REQUIREMENT >> Beginning with the line that holds "Тумба Mikola-M пластикова" and finishing with the line that holds "Omega-3 esenciálne mastné", repeat the listing exactly, leaving every picture out.
-- DATA EXCERPTS follows --
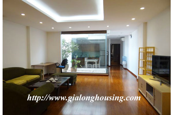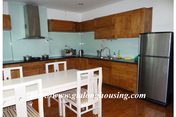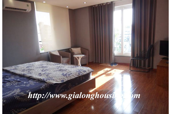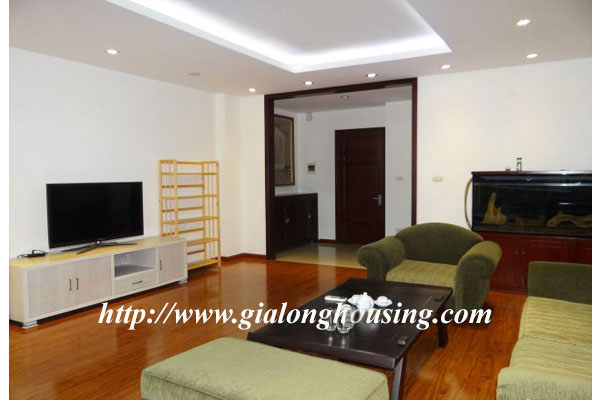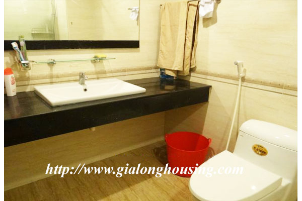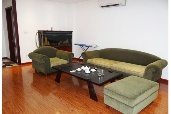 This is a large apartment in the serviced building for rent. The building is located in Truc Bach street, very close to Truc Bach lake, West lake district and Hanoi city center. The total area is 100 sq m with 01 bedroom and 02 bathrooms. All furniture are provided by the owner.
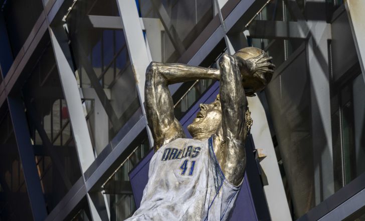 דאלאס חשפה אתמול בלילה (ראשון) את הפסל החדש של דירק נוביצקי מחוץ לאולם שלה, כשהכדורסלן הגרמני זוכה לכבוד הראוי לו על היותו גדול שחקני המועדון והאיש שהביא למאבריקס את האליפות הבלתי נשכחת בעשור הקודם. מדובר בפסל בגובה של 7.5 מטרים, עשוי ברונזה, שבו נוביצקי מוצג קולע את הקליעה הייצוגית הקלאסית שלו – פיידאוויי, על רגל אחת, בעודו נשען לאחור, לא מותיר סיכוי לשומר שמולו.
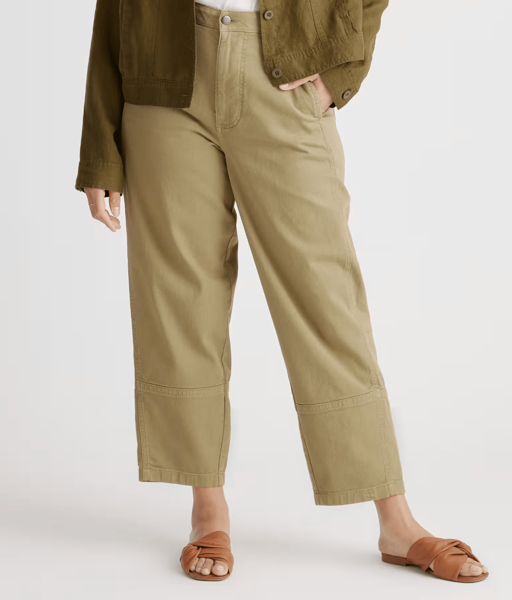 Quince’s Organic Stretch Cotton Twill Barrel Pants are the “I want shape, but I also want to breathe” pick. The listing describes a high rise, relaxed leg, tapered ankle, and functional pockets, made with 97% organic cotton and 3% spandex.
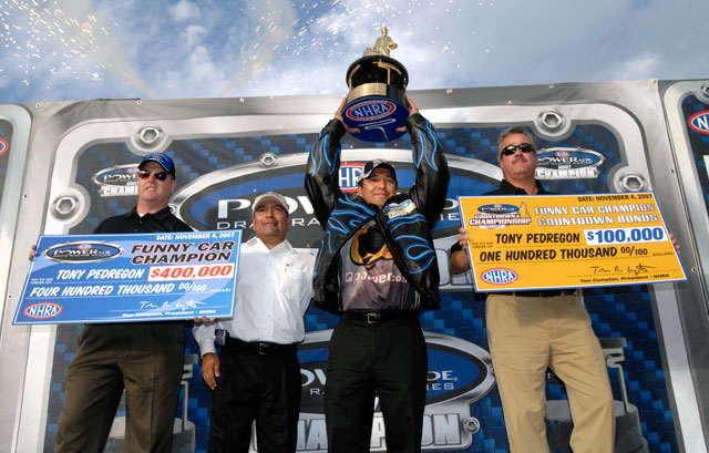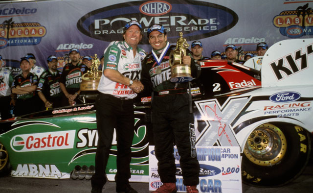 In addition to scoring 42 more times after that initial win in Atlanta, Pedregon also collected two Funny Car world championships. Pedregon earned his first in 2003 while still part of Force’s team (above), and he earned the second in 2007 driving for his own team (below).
-- DATA EXCERPTS concluded --
-- DATA EXCERPTS follows --
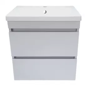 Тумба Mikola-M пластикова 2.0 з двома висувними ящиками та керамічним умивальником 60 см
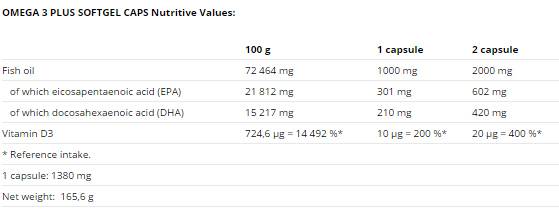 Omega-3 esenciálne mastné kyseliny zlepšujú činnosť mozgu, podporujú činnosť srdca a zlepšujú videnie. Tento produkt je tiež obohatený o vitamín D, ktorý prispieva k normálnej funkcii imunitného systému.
-- DATA EXCERPTS concluded --
ANSWER SECTION >>
 Тумба Mikola-M пластикова 2.0 з двома висувними ящиками та керамічним умивальником 60 см
 Omega-3 esenciálne mastné kyseliny zlepšujú činnosť mozgu, podporujú činnosť srdca a zlepšujú videnie. Tento produkt je tiež obohatený o vitamín D, ktorý prispieva k normálnej funkcii imunitného systému.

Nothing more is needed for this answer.